Abstract

A small-amplitude sinusoidal surface undulation on the lower wall of Couette flow induces a vorticity perturbation. Using linear analysis, this vorticity field is examined when the fluid is viscoelastic and contrasted to the Newtonian configuration. For strongly elastic Oldroyd-B fluids, the penetration of induced vorticity into the bulk can be classified using two dimensionless quantities: the ratios of (i) the channel depth and of (ii) the shear-waves’ critical layer depth to the wavelength of the surface roughness.
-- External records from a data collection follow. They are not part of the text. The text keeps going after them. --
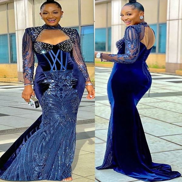 2022 plus size arabic aso ebi royal blue mermaid prom dresses beaded crystals evening formal party second reception birthday engagement gown, Black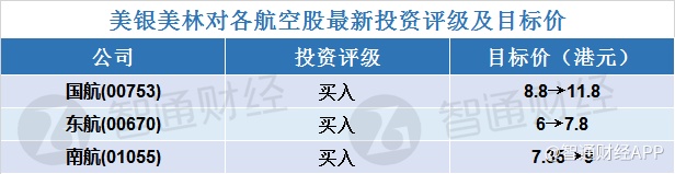下表为该行对航空股最新投资评级及目标价: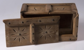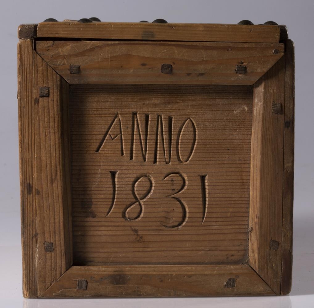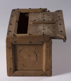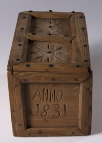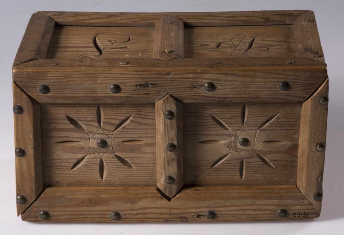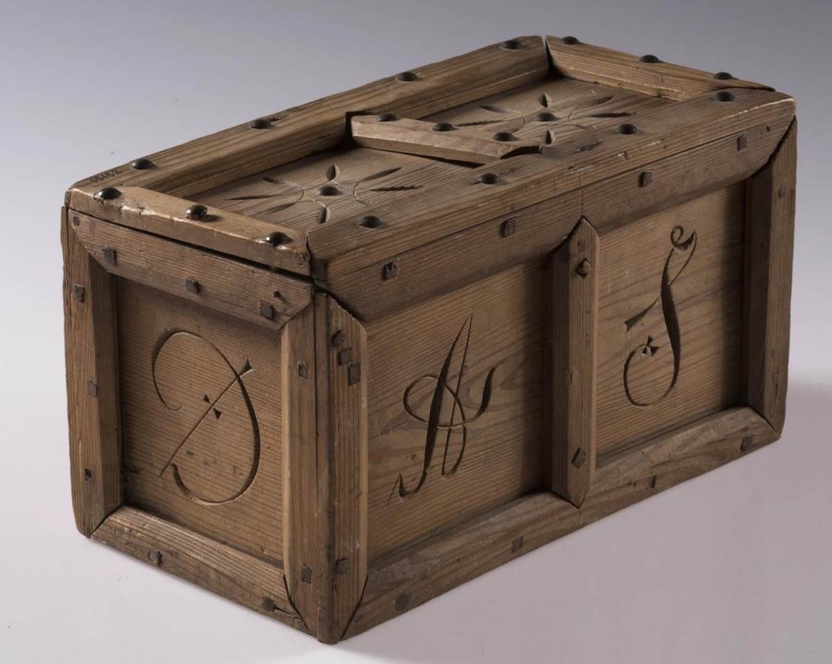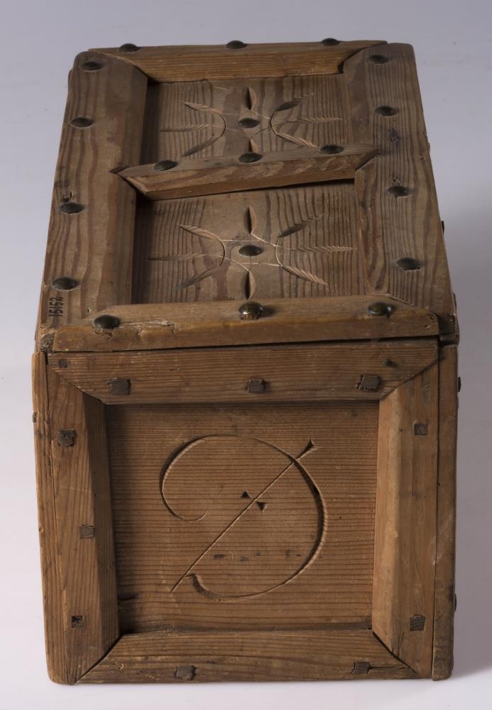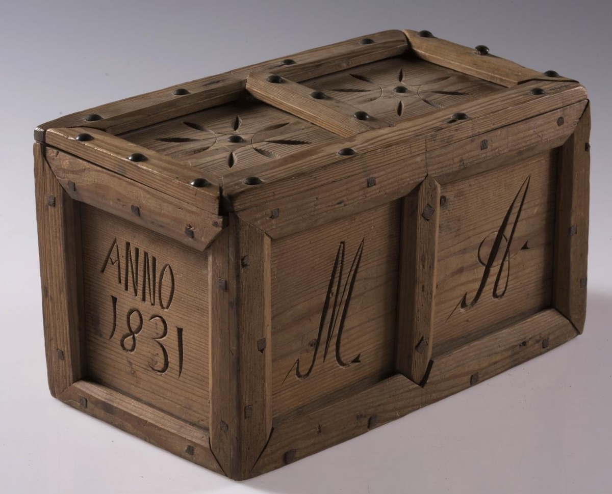 Stokkur, smíðaður af Gissuri Pálssyni, síðar bónda á Syðra-Steinsmýri í Meðallandi. Einfaldur furukassi með renniloki, renndu frá hlið, lagður flötum listum og festur saman með trétöppum. Ofan í trétappana á loki og efri brún hliðanna eru reknar eirbólur. Lengd 28 sm, br. 16 sm, hæð 15.7 sm. Innri brún listanna. Langhliðum og loki skipt í tvennt með þverlista. Á reitum loksins eru útskornar stjörnur, sín í hvorum reit og eirbóla í þeim miðjum. Á reit framhliðar eru ristir stafirnir A og F, skrautlega dregnir upphafsstafir latínuleturs. Á gaflinum til hægri er rist: Anno 1831. Er anno með upphafsstöfum. Á reiti bakhliðar er rist M og A, á vinstra gafl D, með sama letri og er á framhlið. Einn listi að ofan er farinn að losna, að öðru leyti er stokkurinn heill og vel út lítandi. Gissur sá Pálsson, sem smíðaði stokk þennan, gaf hann í tryggðarpant heitkonu sinni Margréti Árnadóttur. Giftust þau 22.10.1835. Stokkurinn gekk síðan að erfðum til Guðbj. Gissurardóttur, sem átti Jóhannes Jónsson, bónda í Geitavík í Borgarfirði eystra, og loks til Margrétar þar, en hún vill ráðstafa honum á forngripasafn, segir í meðfylgjandi greinargerð. Sbr. Þjms. 3235, 6121, o.fl.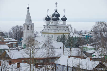 Panorama of a small city in the depths of Russia from a height. Orthodox churches and traditional old wooden houses, Totma and winter city view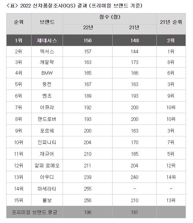제네시스는 종합 결과 156점을 기록, 2위 렉서스(157점)와 3위 캐딜락(163점)을 제치고 프리미엄 브랜드 1위를 차지했다. 전체 브랜드 기준으로는 4위다.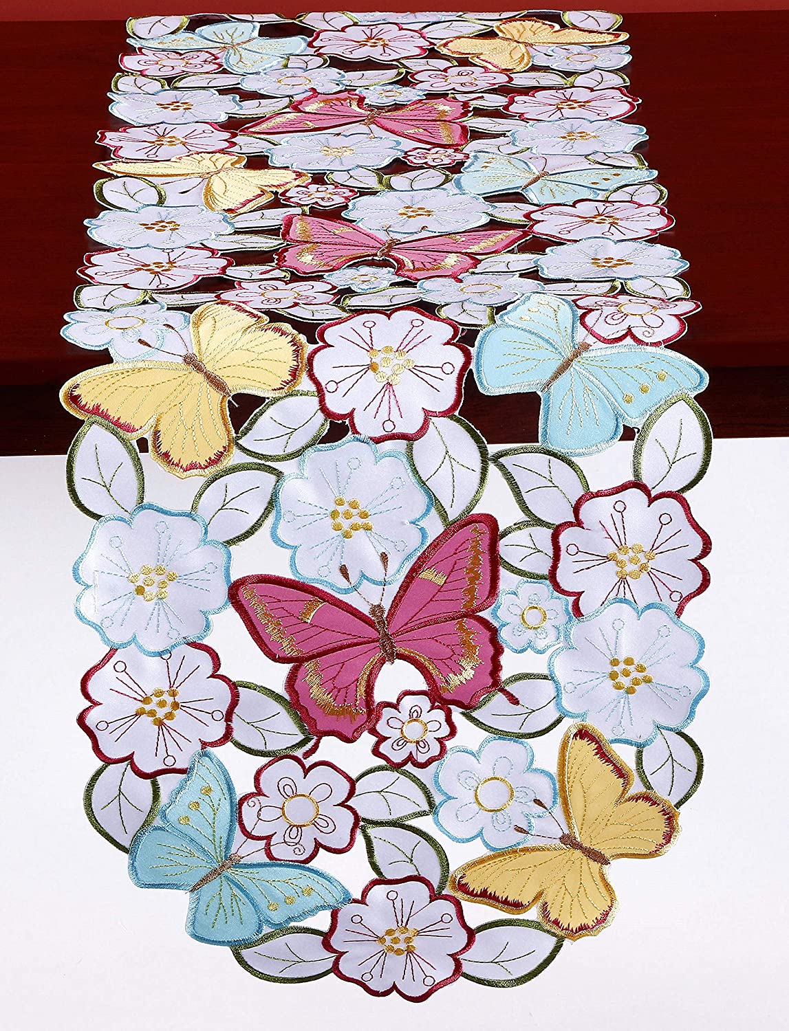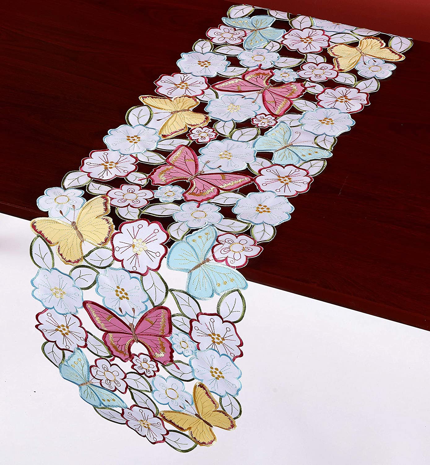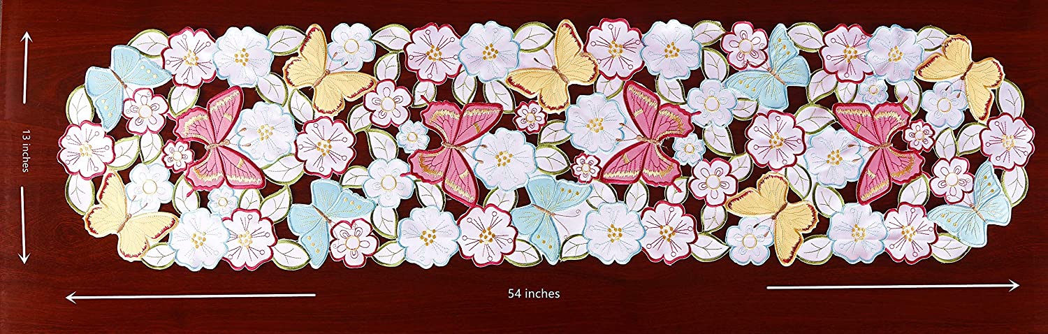 GRANDDECO Embroidered Flowery Table Runner 13"x68", Cutwork Embroidered Floral Butterfly Dresser Scarf, Home Kitchen Dining Tabletop Decoration, Runner 13"x68", Butterfly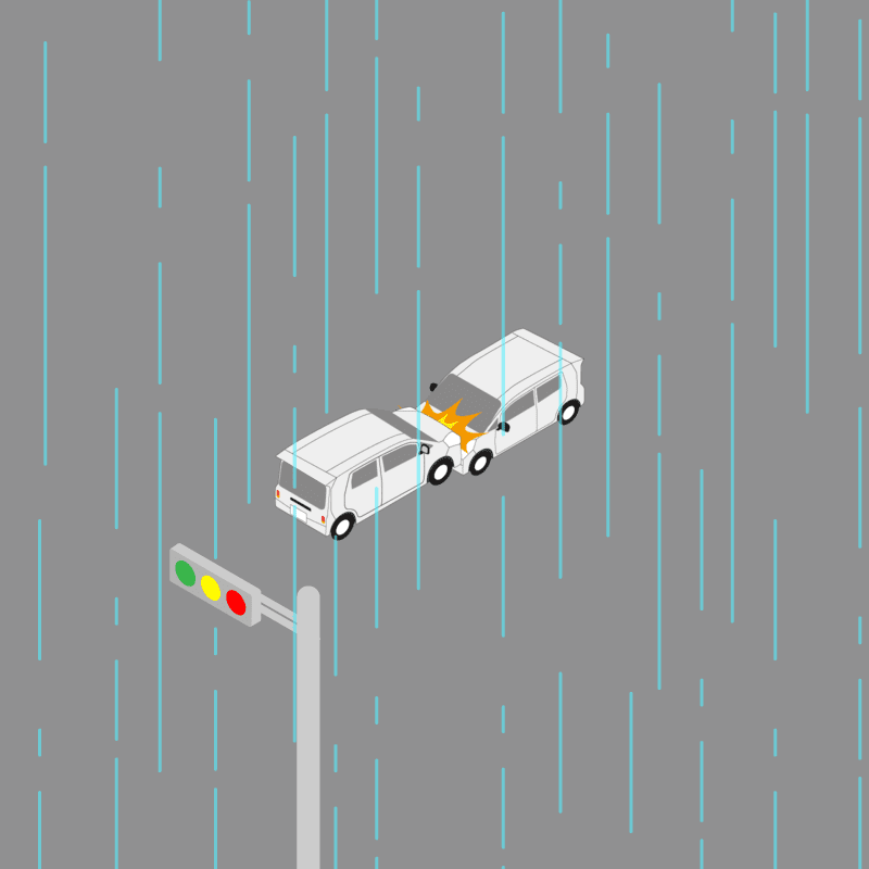 ・イラストに使用している各要素(車、背景、車、天候、信号、衝突地点など)は、代表的なイメージをイラスト化しており、色や形状等含め現実の事故の状況とは異なります。あくまで、事故のイメージとして参考までにご活用ください。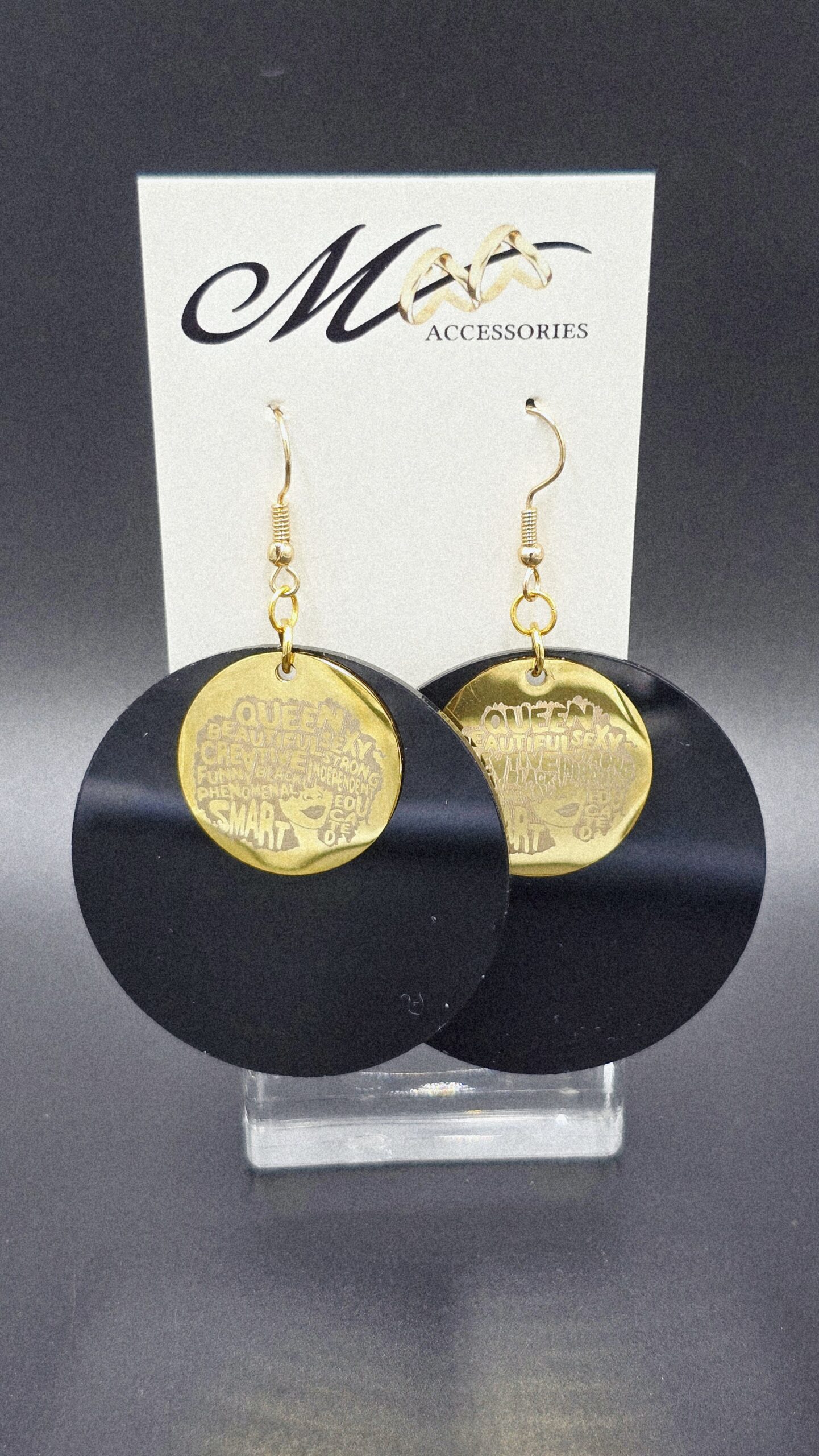 Stainless steel gold pendants with words of inspirational quotes on a resin black disk.

In the shallow-elastic regime, where the roughness wavelength is larger than the channel depth and the critical layer is outside of the domain, the bulk flow response is a distortion of the tensioned streamlines to match the surface topography, and a constant perturbation vorticity fills the channel. This vorticity is significantly amplified in a thin solvent boundary layer at the upper wall. In the deep-elastic case, the critical layer is far from the wall and the perturbation vorticity decays exponentially with height. In the third, transcritical regime, the critical layer height is within a wavelength of the lower wall and a kinematic amplification mechanism generates vorticity in its vicinity. The analysis is extended to localized, Gaussian wall bumps using Fourier synthesis. The Newtonian flow response consists of a single vortex above the bump. In the shallow-elastic flow, a second vortex with opposite circulation is established upstream of the surface protrusion and is induced by the vorticity layer on the upper wall. In the deep transcritical case, the perturbation field consists of a pair of counter-rotating vortices centred on the large vorticity around the critical layer. The more realistic FENE-P model, which accounts for the finite extensibility of the polymer chains, shows the same qualitative behaviour.